The eight-storey Rana Plaza housed five factories making shirts, trousers and leggings for nearly 30 western retailers and brands, including Primark, Loblaw, Walmart, Mango and The Children’s Place. It collapsed on April 24, 2013, after big cracks developed the day before. Officials had ordered an evacuation, but around 3,500 garment workers had been sent back to their sewing machines by deadline-conscious bosses.

Benetton’s initial handling of the aftermath was clumsy. After media reports that a factory in the building was a Benetton supplier, it issued a forceful denial.

Five days later, it had to admit it had sourced items from one factory, but claimed the manufacturer had been removed from its approved supplier list. In fact, New Wave Style had been making shirts for Benetton on a subcontract issued with the company’s knowledge and approval. The last of the shirts made for it were shipped on April 1.

Following the collapse, Benetton rapidly signed up to the Accord on Fire and Building Safety in Bangladesh, a joint initiative of Western European brands and unions set up to verify the structural integrity of Bangladeshi garment factories producing for the participating companies. It also donated to BRAC for victims’ relief.

But when Airoldi took the helm at Benetton, which was in the middle of a painful restructuring after the withdrawal of the Benetton family from active management, he was dismayed at how the issue of victims’ compensation had played out.

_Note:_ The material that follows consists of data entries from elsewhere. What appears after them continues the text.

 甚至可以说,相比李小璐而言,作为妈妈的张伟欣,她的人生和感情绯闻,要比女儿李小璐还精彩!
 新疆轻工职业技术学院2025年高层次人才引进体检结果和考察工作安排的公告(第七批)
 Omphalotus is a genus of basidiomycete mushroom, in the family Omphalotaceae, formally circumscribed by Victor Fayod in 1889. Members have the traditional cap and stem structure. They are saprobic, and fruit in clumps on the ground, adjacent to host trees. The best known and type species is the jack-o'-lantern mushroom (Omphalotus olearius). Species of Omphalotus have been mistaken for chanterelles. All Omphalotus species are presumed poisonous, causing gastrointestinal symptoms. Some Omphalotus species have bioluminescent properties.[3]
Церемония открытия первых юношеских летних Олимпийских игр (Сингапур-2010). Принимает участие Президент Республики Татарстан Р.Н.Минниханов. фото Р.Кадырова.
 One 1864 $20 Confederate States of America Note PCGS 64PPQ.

Immediately after the disaster, the ILO led a process, with the backing of unions and brands, to assess claims for medical care and lost wages. It concluded that $30 million was the minimum required. But Western companies argued over which of them should pay, and how much.

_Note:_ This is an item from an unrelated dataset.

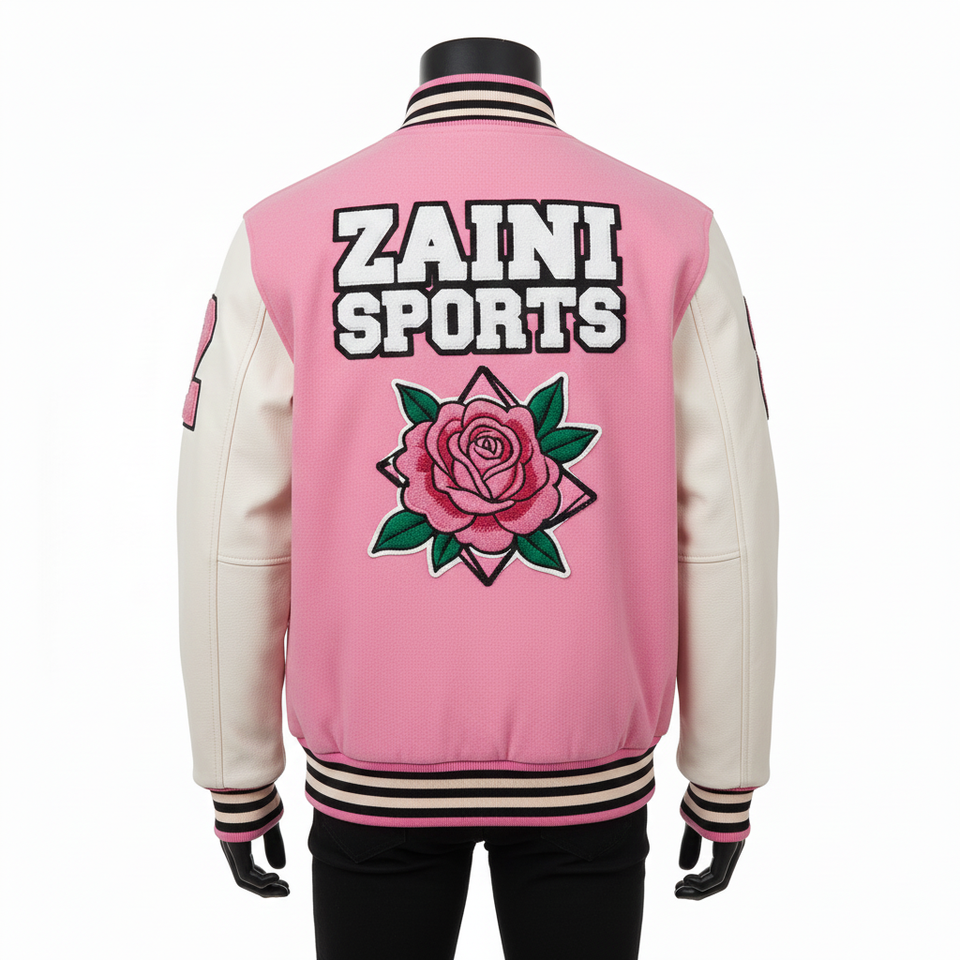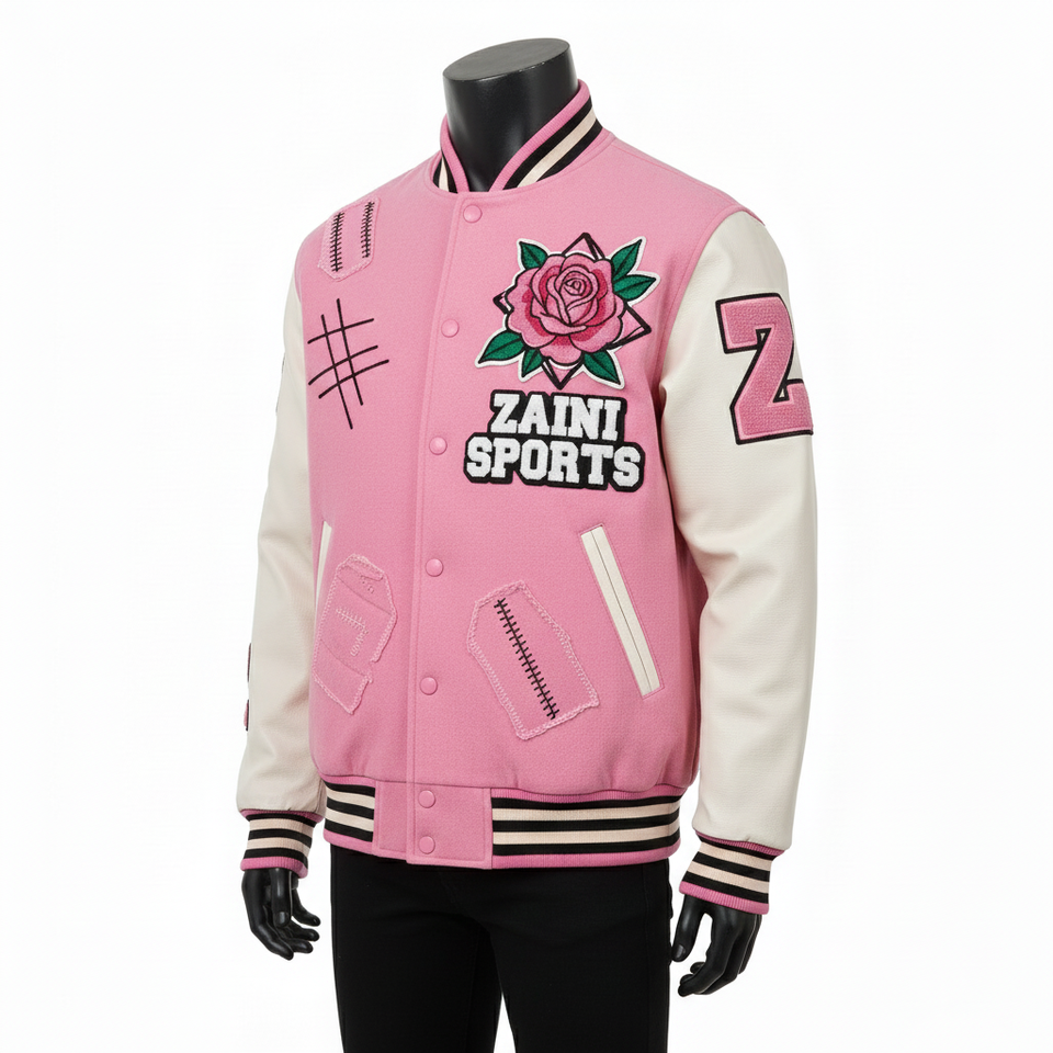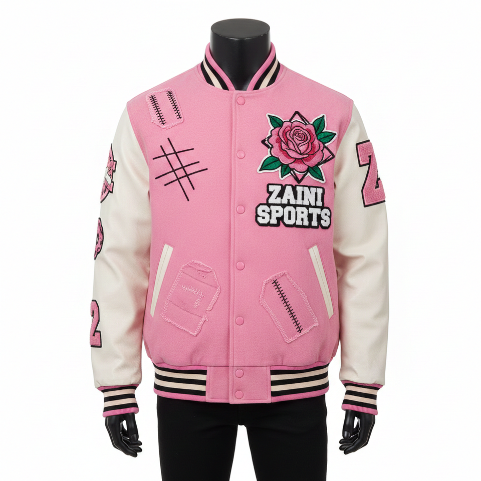 2025Men Varsity Jacket 330gsm wool blend body with white PU leather sleeves pink color panels embroidery patches Varsity Jacket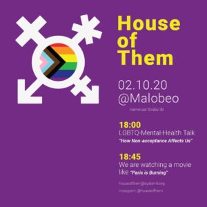 Event by House of Them We invite you on the 28th of October, for a cozy movie night at the Malobeo and a chance to get to know and connect with other queer people and BIPOC. Before the movie begins, we will be shortly presenting a talk about mental health care in queer and BIPOC communities, a very important aspect in our lives. Due to corona regulations, we encourage you to message us, to insure you available spots. Location: Malobeo…

In the end, payments were voluntary, with no guidelines. Brands could donate without publicly disclosing the size of their contribution.

“We accept and agree that it’s a shared responsibility for those who were there,” Airoldi says. “But the odd thing was you defined an amount, then decided only voluntary contributions, without any guidance, and they are undisclosed. Only a miracle would have brought $30 million.”

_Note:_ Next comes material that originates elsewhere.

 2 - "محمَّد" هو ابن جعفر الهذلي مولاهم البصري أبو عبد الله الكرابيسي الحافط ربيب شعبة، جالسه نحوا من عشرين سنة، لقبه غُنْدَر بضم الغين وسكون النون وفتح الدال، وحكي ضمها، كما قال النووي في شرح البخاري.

After the campaign by Avaaz, Benetton finally asked PwC, the professional services firm, to advise it on a fair payment to the compensation fund. PwC estimated that Benetton took less than 2 per cent of Rana Plaza factories’ total output in the year before the collapse, and recommended a $550,000 contribution, which Benetton doubled.

Airoldi says other buyers from Rana Plaza factories should assess their responsibility, and pay accordingly. “We did what we think is right,” he says. “We would have been relieved at finding criteria we could adhere too, but not having found them, we had to create it.”

Meanwhile, Benetton says it is consolidating and upgrading its supply chain and assessing the structural integrity of suppliers’ buildings in other developing countries. Airoldi hopes to collaborate with other western brands, including rivals, on safety initiatives.

As he points out, they have worked together in Bangladesh since Rana Plaza. “Under the pressure of the emergency, brands have been forced to cooperate,” he says. “My intention is to intensify our relationship with them on these issues, which are not competitive but cooperative issues. We cannot change the world alone, we need to change the world together.”